カルメロ(MS)
かるめろ
特殊部隊「サーカス(Thou-Cus)」が運用する「サウザンド・カスタム」シリーズの1機に数えられるモビルスーツ。パイロットはマーメイド・ヌブラード。
水中戦仕様の開発未認可機。海が無い(=大量の水を自由に使えない)木星に於いて、大量の水の中で活動する機体を設計する事は困難であったが、過去の地球侵攻にあたり、沿岸部から都市部を攻撃する事に対する有効性に着目した開発部が、「水中で接地した状態で遠距離攻撃可能な機体」として考案した機体がこのカルメロである。
背部に折り畳まれた展開式の脚部ユニットを有し、これを展開する事で水底に接地し、海上であっても安定した長距離砲撃を行う事が出来る。カルメロ自体は小型機に分類されるが、脚部を展開した際の全高は30mに達する。

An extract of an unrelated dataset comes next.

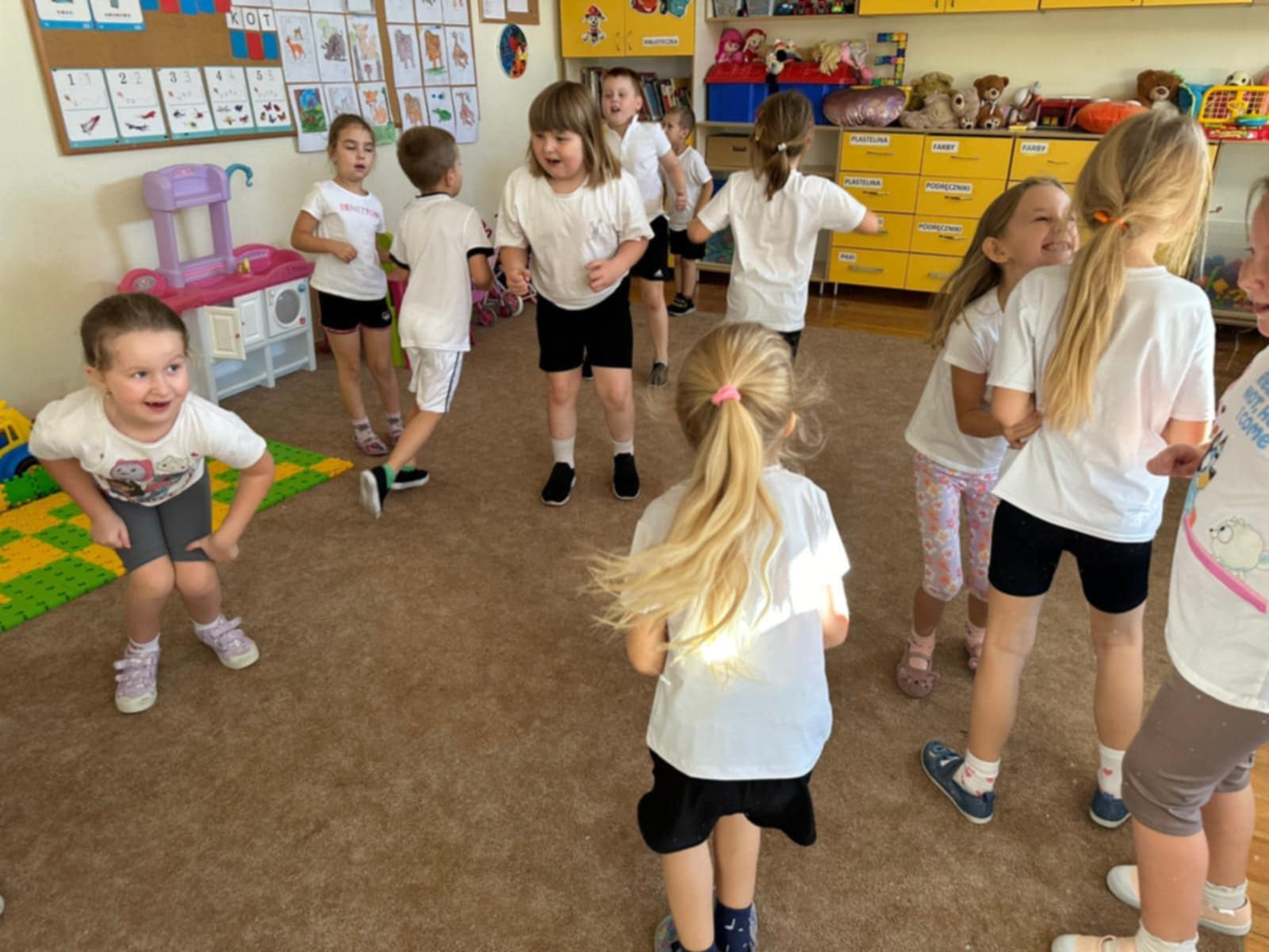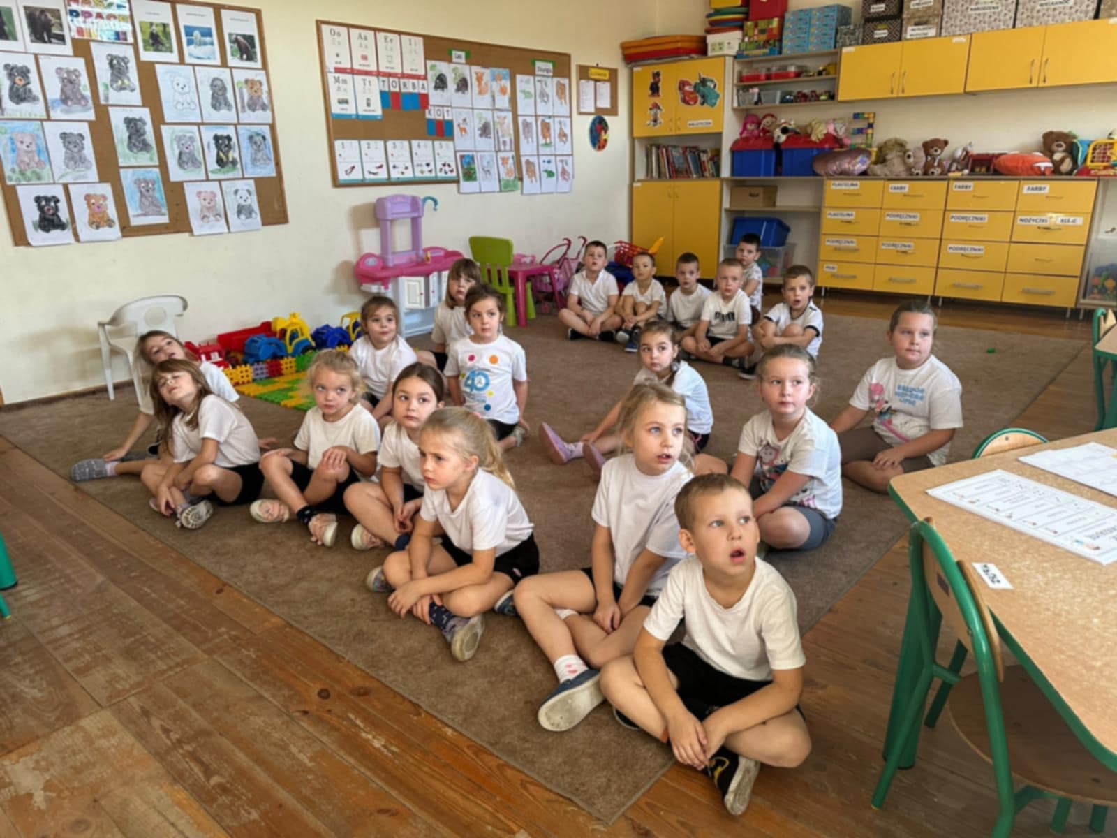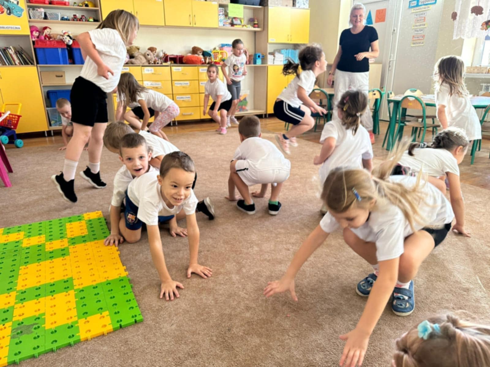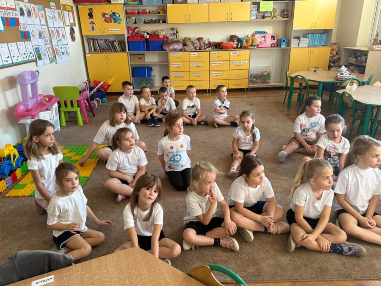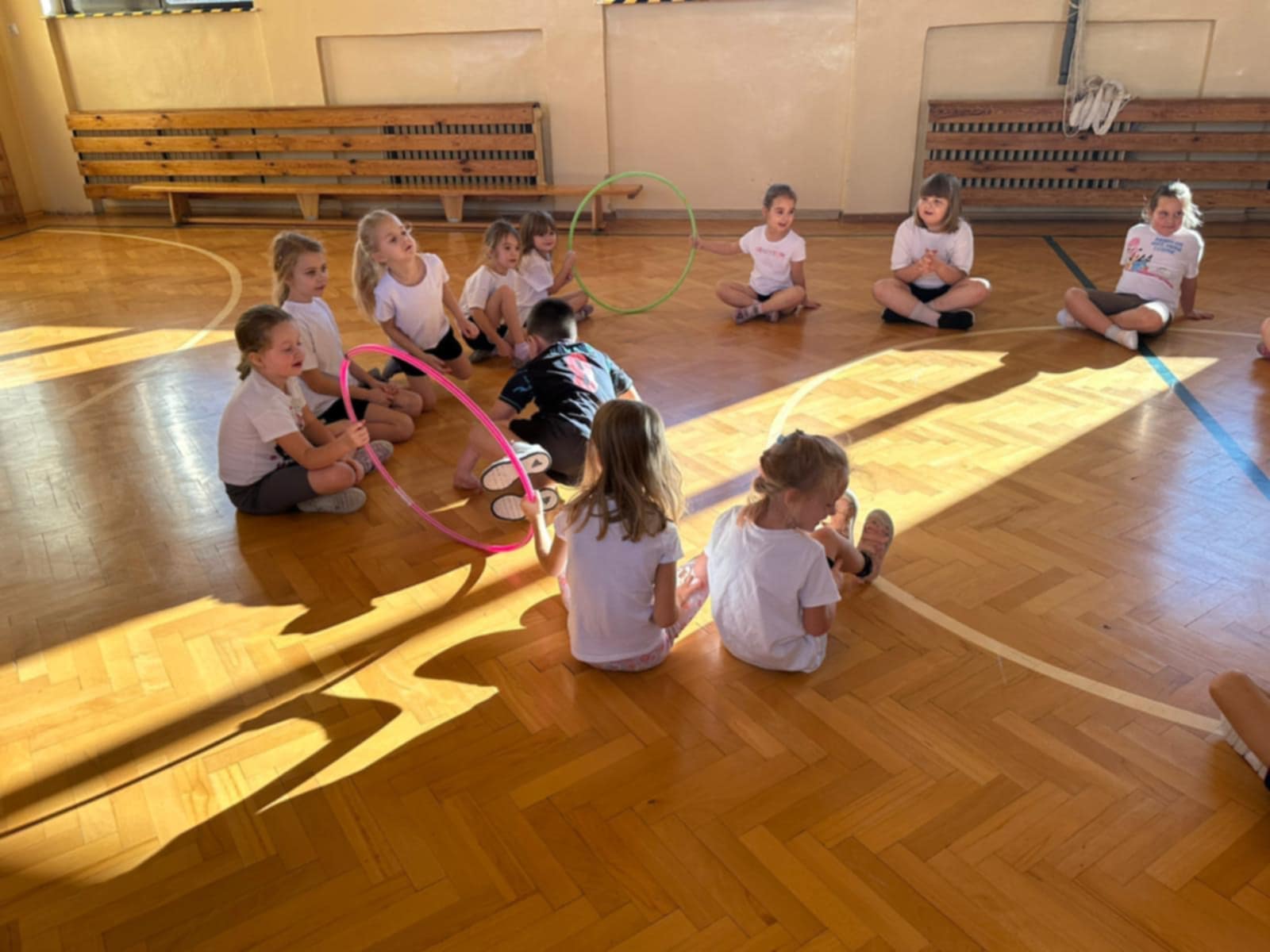 W ramach projektu „Zdrowe życie i pierwsza pomoc” dzieci z grupy przedszkolnej „Jeżyki’ brały udział w wyjątkowych zajęciach ruchowych pod hasłem „Rusz się!”, które poprowadził nauczyciel wychowania fizycznego pan Michał Wiśniewski. Celem zajęć było rozwijanie sprawności fizycznej, promowanie aktywności ruchowej oraz uświadamianie uczniom, jak ważny wpływ na zdrowie ma regularny ruch. Dzieci brały udział w różnorodnych grach i zabawach. Nie zabrakło również tańca i swobodnego ruchu przy muzyce. Podczas zajęć przyszli uczniowie współpracowali w grupach, doskonalili koordynację ruchową i uczyli się, że aktywność fizyczna może być świetną zabawą. Na zakończenie odbyła się krótka dyskusja i refleksja na temat roli ruchu w codziennym życiu. Zajęcia dostarczyły wszystkim uczestnikom mnóstwo radości, energii i motywacji do dalszej dbałości o zdrowy tryb życia.

防御力に関しては、水中に潜んでしまえば水が緩衝材となるという事もありあまり重要視されておらず、水陸両用モビルスーツが接近戦を仕掛けてきたとしても脚部に装備された8基の水流ジェットエンジンを用いる事で敵の接近を拒み(カルメロ自体は接地している事から水流に流される事はない)、巨大な脚部はそれ自体が巨大な質量を持った「凶器」となりうるが、水流は側面に向けて発生させる事が出来ないという欠点を有する。
なお、地形(地域)によるが、一般的に水深30m程度となるのは沿岸から2,000~3,000mという極近距離であり、ミノフスキー粒子下とはいえセンサー有効半径内に探知される距離である(当時代はゾロアットでさえセンサー有効半径は30,000mに達しており、軍事基地の場合は当然更に広がる)。加えて、静止状態での精密狙撃という運用思想上、目標の狙撃後は即、海中へ離脱しなければ、海上に出ている上半身が簡単に攻撃に晒されてしまうため、「一騎当千」というよりは市街地(センサーによる警戒を行っていない地域)へのテロ行為、または敵沿岸部拠点への威力偵察を想定した機体と見なすべきである。
無論、深度のある海域も高速で航行可能ではあるが、木星開発陣が地球環境に対してい未だに理解が浅い事が災いして、深海では重い頭部の方が下になってしまう仕様となってしまっている。よって、離脱のための長期潜航および潜伏の際に木星出身パイロットが受けるストレスは、「1Gが24時間かかるだけでもつらい」というベルナデット・ブリエットの言葉から察するに、凄まじいものとなるため、強靭な精神力と忍耐が要求されるのは想像に難くない。
遠距離攻撃用の機体という事で、携行武装には長射程の専用ビーム・ライフルを装備する。本武装は木星戦役時にクロスボーン・ガンダムX-2改が「バスター・ランチャー」として運用していた装備と同型のようだが、カルメロ本来の武装か、X-2改のものを流用したのかは不明。